While specialized companies, such as Beijing Saint Lucia Hospital and L'avion, have traditionally specialized in China's outbound medical tourism market, more conventional travel companies are expanding their presence, especially in the past two years.
Caissa and China CYTS Tours offer medical-tourism packages to countries like Switzerland and South Korea.
Beijing Utour International Travel Service in 2014 launched Magic Travel, which offers superrich health-conscious Chinese high-end medical services.
Several customers last year booked its 588,000 yuan stem-cell-injection treatment package, replete with five-star hotels and a helicopter sightseeing experience.

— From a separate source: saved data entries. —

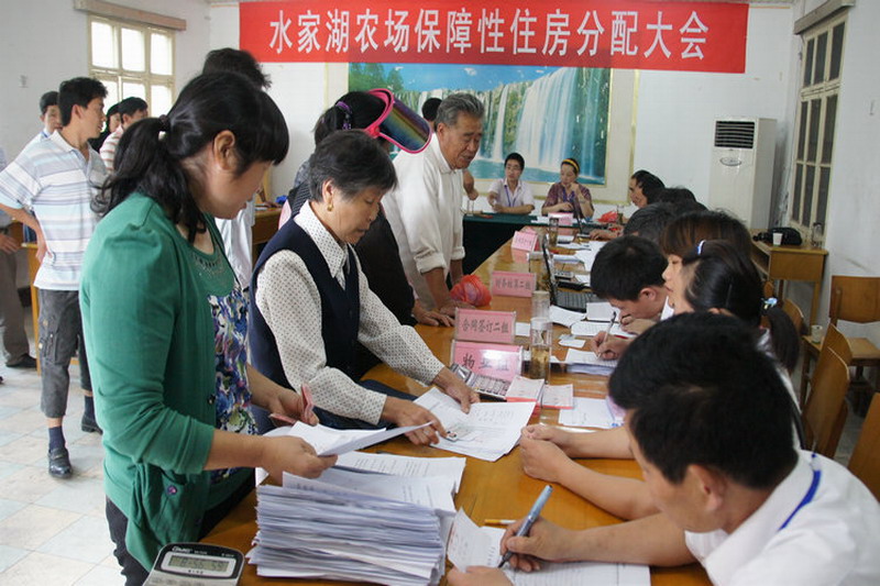 “閆如庭,10號樓1單元202室”。聽到長豐縣公證人員當場的宣布,陪同閆如庭老人一道來抽號分房的女兒閆其美長舒了一口氣。閆如庭是安徽農墾水家湖農場七分場退休職工,拿到房號,這就意味著今年他家能住到場部新建的廉租房了。
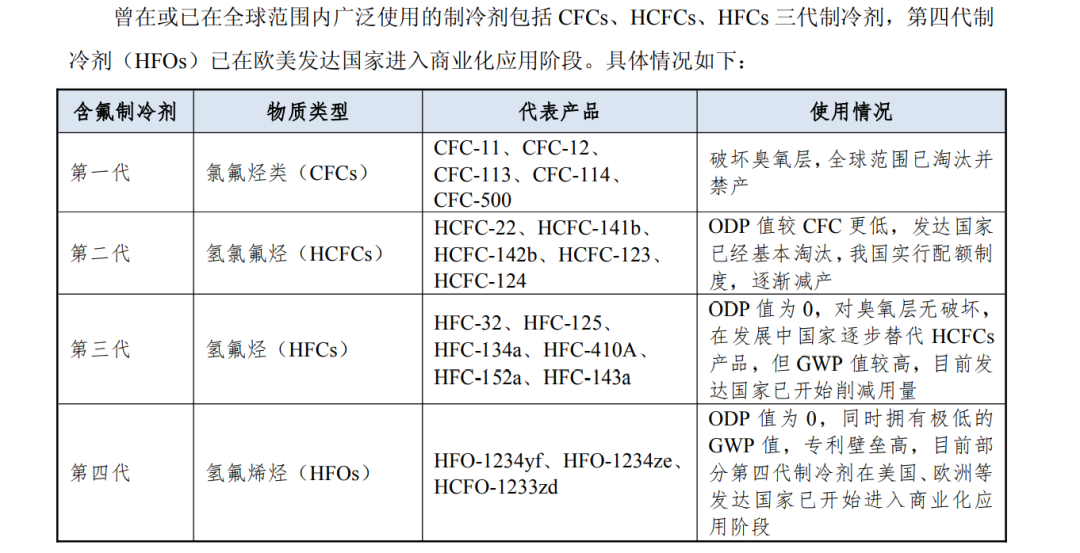 从下游需求看,目前国内制冷剂下游行业分布大致为空调(62.18%)、冰箱(4.78%)、汽车(9.87%)、其他(23.17%)。在消费升级、技术创新、政策推动等因素作用下,第二代氟制冷剂(HCFCs)在发达国家已经基本淘汰,我国实行配额制度,逐渐减产。第三代氟制冷剂(HFCs)在发展中国家逐步替代第二代氟制冷剂,目前发达国家已开始削减用量,氟制冷剂市场格局生变。
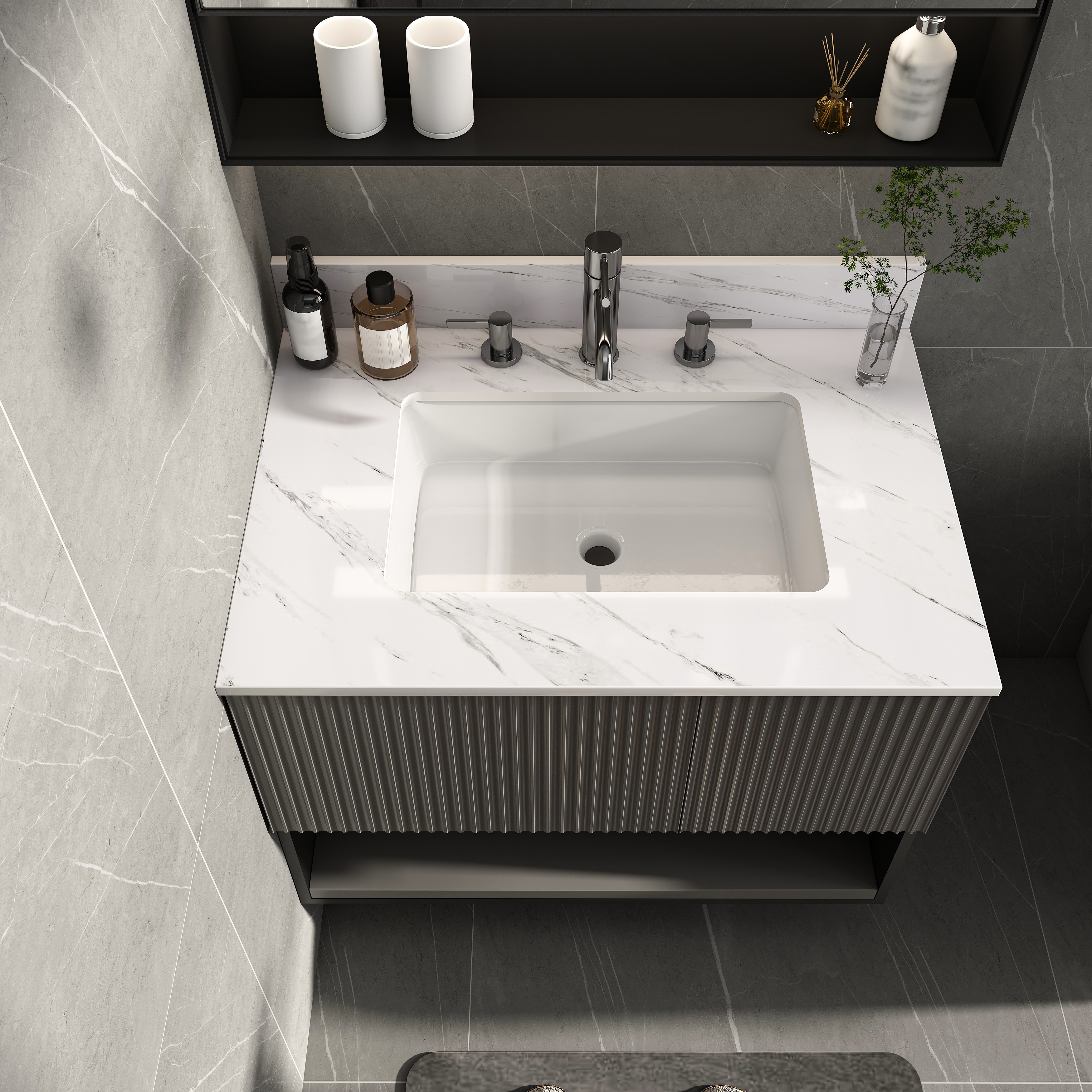 Roomfitters 31 Inch Bathroom Vanity Top with Undermount Sink, Durable Sintered Stone Countertop with Backsplash, White
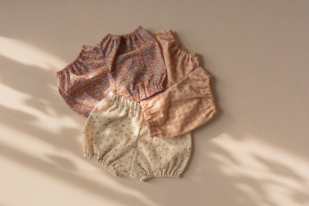 This one is probably our most popular piece. Thanks to their versatility, bloomers can be worn all year round and go with just about anything: dresses, tank tops, sweaters and shirts. Wear it in the summer with a simple sandal and in the winter with tights underneath!

Magic Travel's six-day US tour for checkups at the University Medical Center of Princeton costs up to 200,000 yuan and includes Statue of Liberty and Wall Street visits.
"Most of our customers are senior management," the company's product manager, Wang Mingying, says.
Medical tourism was highlighted in a June report on luxury travel by China's Hurun Research Institute, which tracks trends among China's extremely wealthy.
Roughly 60 percent of survey's respondents have taken medical tours and prefer overseas hospitals.
More middle-class customers are also getting interested, which experts predict will soon make medical tours under 100,000 yuan very popular.
Medical tourism around the globe is projected to account for 16 percent of tourism revenue at $678.5 billion by 2017, an SRI International report predicts.
A healthy chunk of whatever the future figures are will likely come from China.